-- Source material --
+ + + + + + +

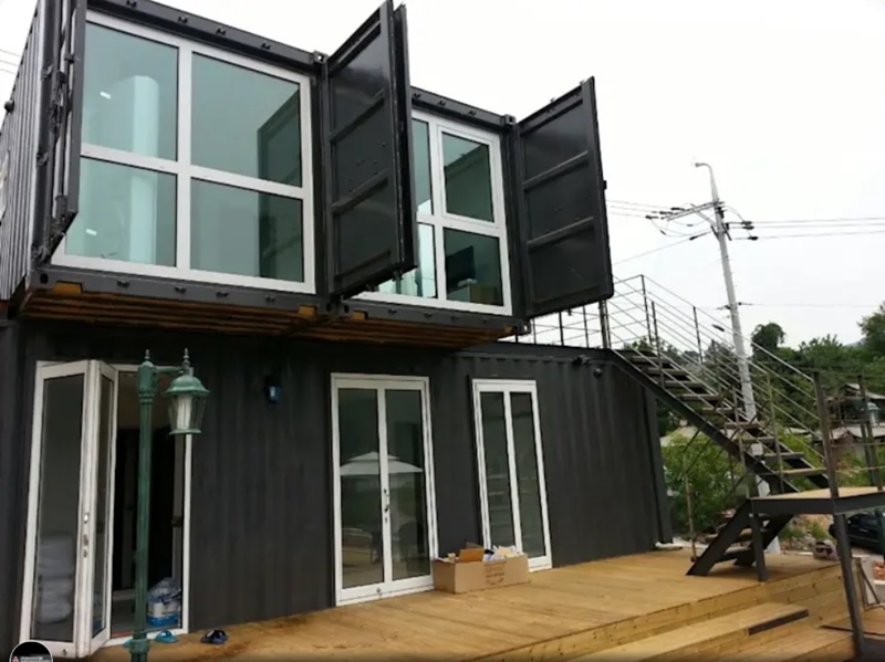 สีดำนี่ทำอะไรก็ดูดีไปหมดจริง ๆ (ไม่ลำเอียงเลย) ดูอย่างบ้านตู้คอนเทนเนอร์สองชั้นนี้สิครับ เป็นการใช้ตู้สองขนาดไม่เท่ากันมาวางซ้อนกัน พื้นที่ที่เหลือด้านบนก็ทำเป็นระเบียงรับลม ส่วนด้านยาวของตู้ก็ทำเป็นหน้าต่างบานใหญ่ ให้ชมวิวได้อย่างเต็มที่และทำให้ด้านในดูกว้างขึ้น ประกอบกับระเบียงไม้ด้านล่างแล้ว ต้องบอกเลยว่าทั้งสวย ทั้งแปลก ทั้งเท่ ไม่เหมือนใครดีจริง ๆ ครับ
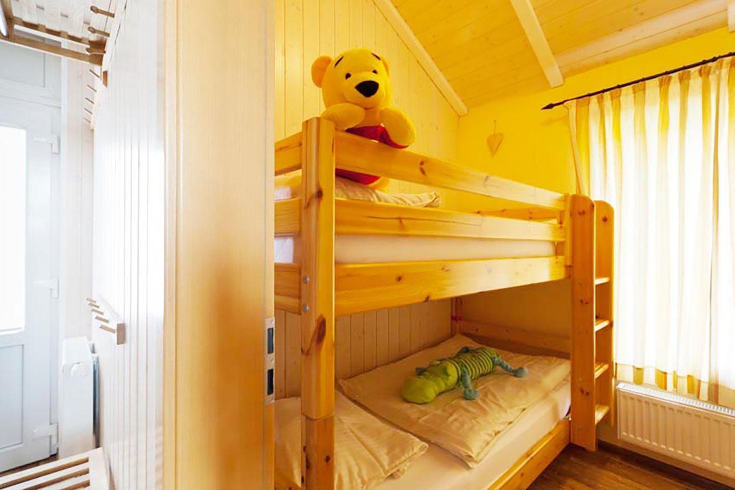 Es ist sehr luxuriös ausgestattet mit Sauna, Whirlbadewanne und Dusche im großen Badezimmer. Zudem gibt es ein separates WC. Das Elternschlafzimmer mit je einem Doppelbett, sowie das Kinderzimmer mit Etagenbett, laden zum gemütlichen Schlafen ein.
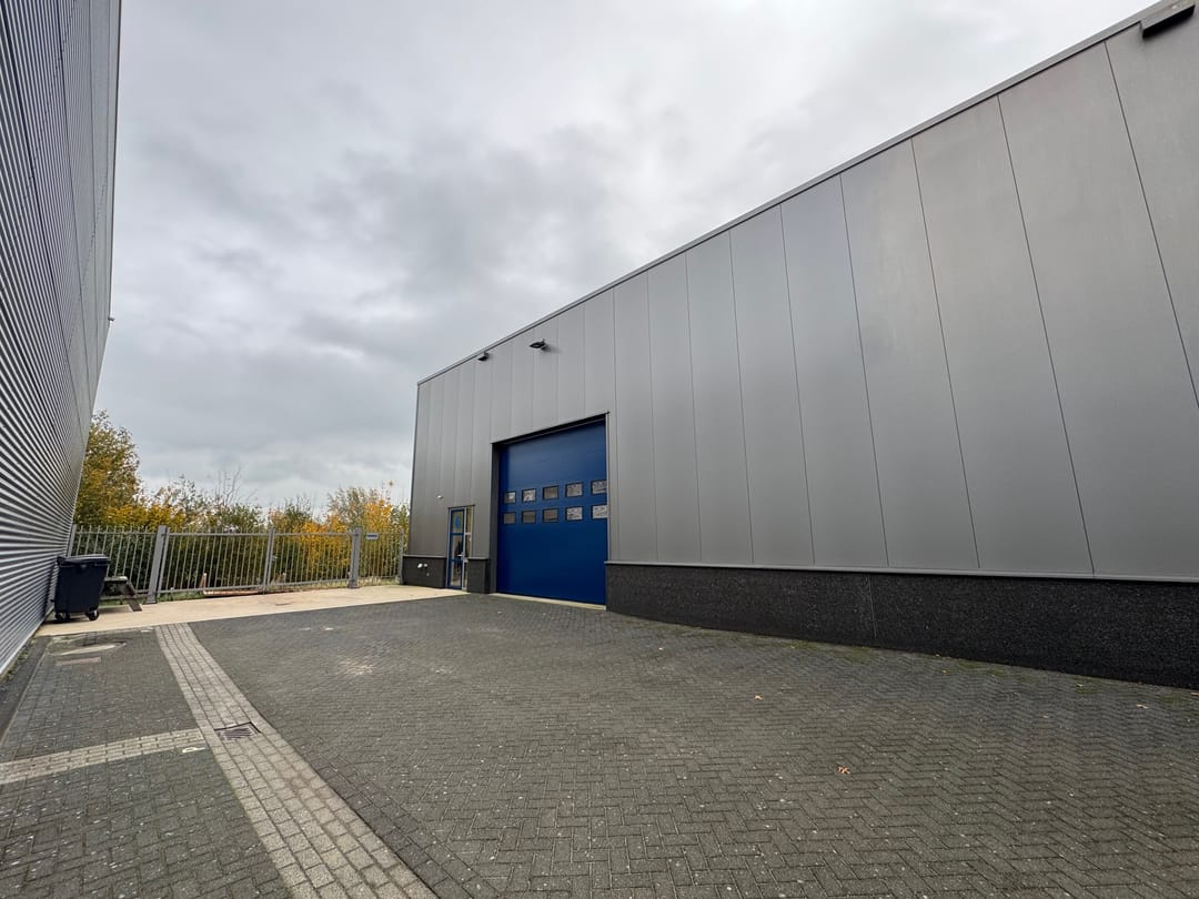 - Hoge en brede, elektrisch bedienbare overhead deur (4.20 x 4.00 meter) zodat de hal makkelijk toegankelijk is.

+ + + + + + +

-- What you should do --
Write out the whole listing exactly. Pictures stay out.

-- Worked solution --
 สีดำนี่ทำอะไรก็ดูดีไปหมดจริง ๆ (ไม่ลำเอียงเลย) ดูอย่างบ้านตู้คอนเทนเนอร์สองชั้นนี้สิครับ เป็นการใช้ตู้สองขนาดไม่เท่ากันมาวางซ้อนกัน พื้นที่ที่เหลือด้านบนก็ทำเป็นระเบียงรับลม ส่วนด้านยาวของตู้ก็ทำเป็นหน้าต่างบานใหญ่ ให้ชมวิวได้อย่างเต็มที่และทำให้ด้านในดูกว้างขึ้น ประกอบกับระเบียงไม้ด้านล่างแล้ว ต้องบอกเลยว่าทั้งสวย ทั้งแปลก ทั้งเท่ ไม่เหมือนใครดีจริง ๆ ครับ
 Es ist sehr luxuriös ausgestattet mit Sauna, Whirlbadewanne und Dusche im großen Badezimmer. Zudem gibt es ein separates WC. Das Elternschlafzimmer mit je einem Doppelbett, sowie das Kinderzimmer mit Etagenbett, laden zum gemütlichen Schlafen ein.
 - Hoge en brede, elektrisch bedienbare overhead deur (4.20 x 4.00 meter) zodat de hal makkelijk toegankelijk is.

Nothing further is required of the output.